STEFAN
SALEJ
O
setor agrícola brasileiro, junto com a mineração, foi internacionalizado desde
a descoberta do Brasil. Não demorou muito para que, além de diamantes, ouro e
outros metais e pedras preciosas, o Brasil, único país do mundo que tem seu
nome oriundo de uma madeira, passasse a exportar madeira, açúcar, cacau. E
depois vieram, já no século 19, café, borracha e, com novas conquistas, soja,
milho, suco de laranja, etanol, cafés especiais, e mais e mais produtos da
terra. O agronegócio foi, assim, sempre internacionalizado e muito antes da
indústria. Hoje você encontra produtos bem mais sofisticados, como cachaça, no
mundo inteiro. E não há ninguém que não reconheça que, se não fosse o
agronegócio, o Brasil teria falido e quebrado ainda mais do que já está.
E como mesmo
com toda a tecnologia que foi desenvolvida na área agrícola e pecuária (veja o
exemplo do centro de genética de Uberaba) ainda depende muito de São Pedro (e
haja mudança climática para ele administrar), nós também importamos produtos
agrícolas. Vinhos do Chile, Argentina, França e Espanha, trigo da Argentina,
Estados Unidos, etanol dos Estados Unidos, leite do Uruguai, e mais e mais
outros produtos de inúmeros países. Com significativa exportação de nossos
produtos agrícolas e carnes, criamos um superávit comercial que desequilibra
nossas relações comerciais com o mundo. Ou seja, se queremos exportar
mais, vamos ter que importar. E importar de quem importa mais, não menos .
A nossas
exportações agrícolas dependem também muito do exterior e das empresas
multinacionais no Brasil. No mercado interno, as maiores distribuidoras de
alimentos, lácteos, os supermercados, são estrangeiros. Os maiores exportadores
de nossas commodities são estrangeiros. Sementes, fertilizantes,
transportes, máquinas e tudo o mais, tem estrangeiro dominando. Então, não dá
para ignorar.
E aí entra
esse episódio da importação de leite do Uruguai. Esse vizinho nosso tem pouca
coisa para exportar para Brasil, a não ser produtos agrícolas, e importa muito
do Brasil. Além do mais, é sócio importante no Mercosul, onde estamos
negociando um acordo de comércio com a União Europeia. Se não ligar essas
pontas, como aconteceu com a proibição de importação de lácteos uruguaios,
temos um problema. É como proibirmos a importação de arroz de lá ou a
importação de trigo dos Estados Unidos e termos um superávit comercial enorme
com a Argentina, que também exporta trigo para Brasil.
Mas, o maior
tiro no pé na área internacional foi a edição do decreto referente à definição
de escravatura. Que é preciso ter novas definições de normas de trabalho em
toda a sua extensão, não há dúvida alguma. Mas, nitidamente, no século 21,
afirmar que é normal que a legislação brasileira aceite normas
consideradas imorais pelo mundo, que compra nossos produtos, é um absurdo
inaceitável. Nem no Brasil e nem no mundo, ninguém de boa fé, aceita isso. Não
há mais espaço para discussão sobre a escravatura, que já acabou . Agora,
entidades empresariais defenderem esse regulamento e dizerem que não afeta
nosso comércio internacional, como fez a CNI, é de uma ignorância e
irresponsabilidade que só será corrigida lamentavelmente pelo que nos espera.

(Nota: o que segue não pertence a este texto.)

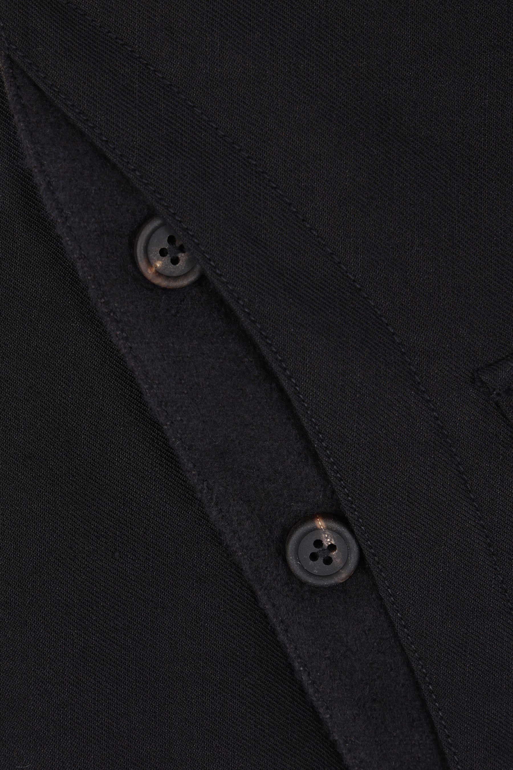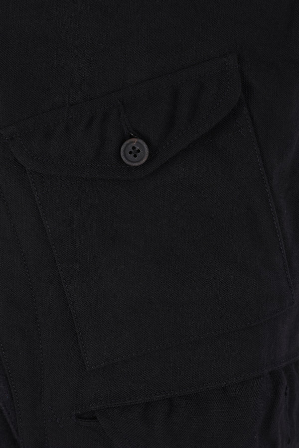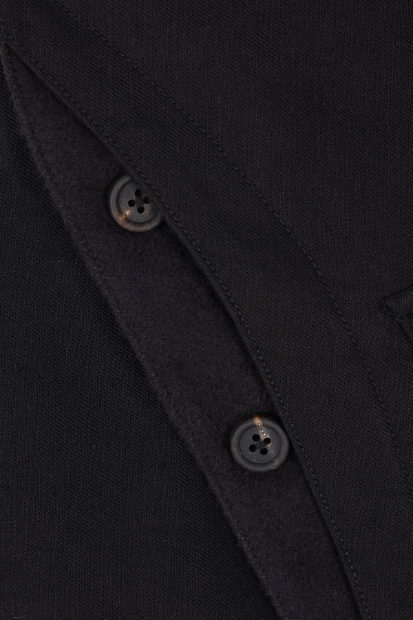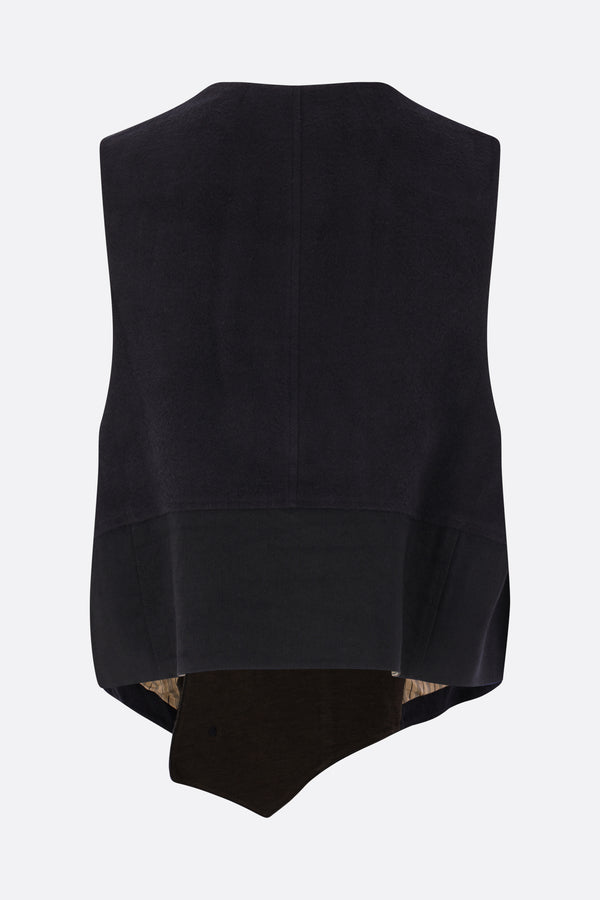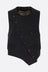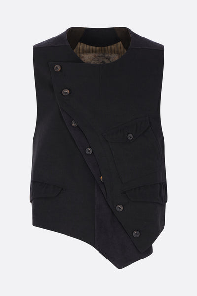 Gilet asimmetrico di Ziggy Chen realizzato in misto lana e lino color nero. Caratterizzato da scollatura a giro, chiusura asimmetrica con bottoni, tasche multiple e fondo asimmetrico più lungo sul davanti. Interno foderato in misto cotone a righe.
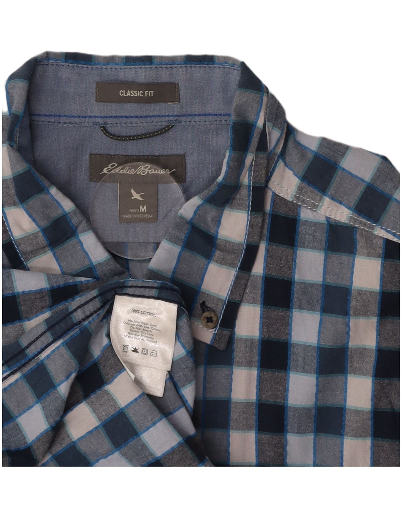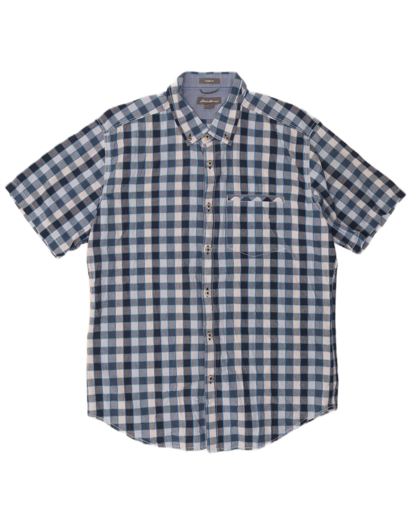 EDDIE BAUER Camicia da uomo a maniche corte vestibilità classica in cotone a quadri blu medio
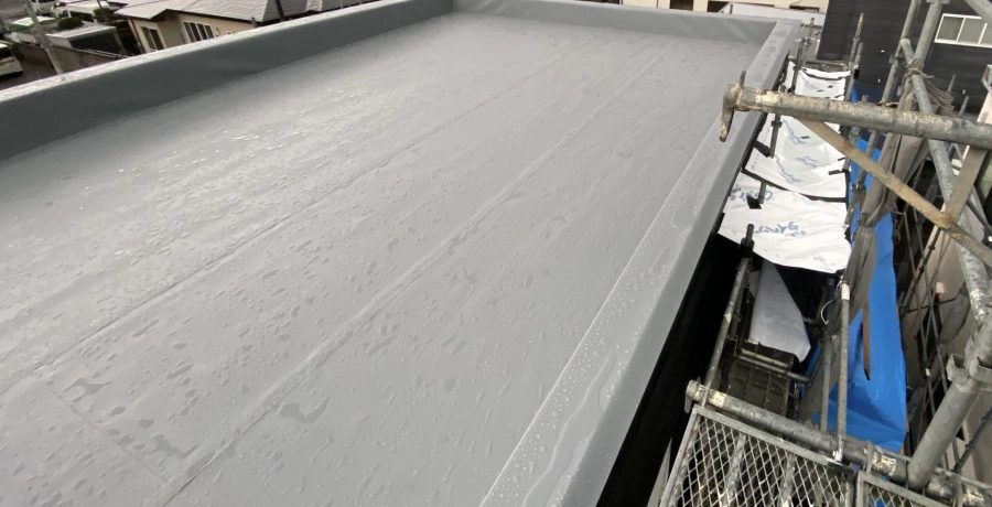 12月11日の現場、屋根のシート防水。 隣地や道路と近距離で落雪が少ないパラペット屋根にした。

Para começar, já na negociação com a União Europeia, não há negociador europeu
que possa aceitar isso. Nem governos e nem consumidores aceitarão. Portanto, o
preço que vamos pagar pela meia dúzia de irresponsáveis que acham que o país
inteiro tem que defendê-los, com sua falta de ética e responsabilidade social,
será altíssimo. Bem-vindos ao nosso futuro visto pelo retrovisor da história.